### TASK INSTRUCTIONS
Return the lines of the data below starting at the one holding "1963 Topps #27" and ending at the one holding "Zestaw startowy ProRock", word for word, leaving every picture out.

*** Opening THE DATA ***

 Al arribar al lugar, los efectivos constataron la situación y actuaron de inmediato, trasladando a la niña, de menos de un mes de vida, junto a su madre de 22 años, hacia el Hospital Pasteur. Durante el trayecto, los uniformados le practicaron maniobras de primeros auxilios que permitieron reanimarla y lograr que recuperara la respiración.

*** Closing THE DATA ***
*** Opening THE DATA ***

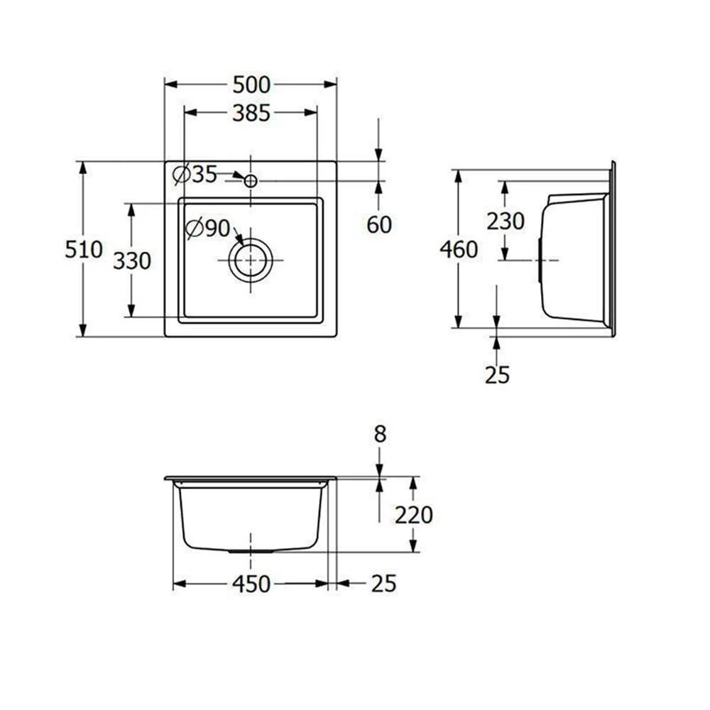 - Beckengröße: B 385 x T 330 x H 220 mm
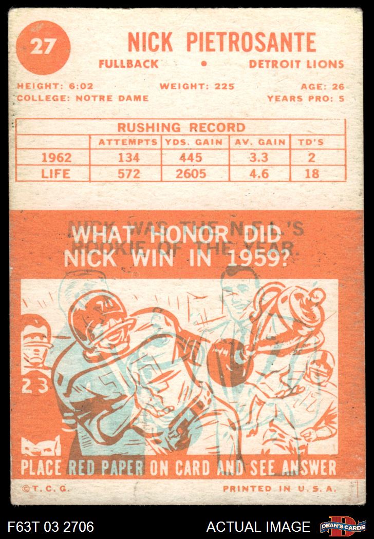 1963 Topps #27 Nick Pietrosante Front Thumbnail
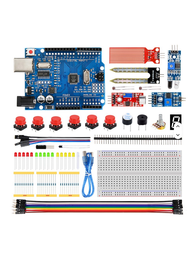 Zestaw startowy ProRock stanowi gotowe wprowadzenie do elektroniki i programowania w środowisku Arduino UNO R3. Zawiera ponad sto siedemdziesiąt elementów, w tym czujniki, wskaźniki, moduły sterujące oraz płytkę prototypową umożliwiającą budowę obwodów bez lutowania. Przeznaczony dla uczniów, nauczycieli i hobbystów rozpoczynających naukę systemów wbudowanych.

*** Closing THE DATA ***

### RESULT FOR THIS TASK
 1963 Topps #27 Nick Pietrosante Front Thumbnail
 Zestaw startowy ProRock stanowi gotowe wprowadzenie do elektroniki i programowania w środowisku Arduino UNO R3. Zawiera ponad sto siedemdziesiąt elementów, w tym czujniki, wskaźniki, moduły sterujące oraz płytkę prototypową umożliwiającą budowę obwodów bez lutowania. Przeznaczony dla uczniów, nauczycieli i hobbystów rozpoczynających naukę systemów wbudowanych.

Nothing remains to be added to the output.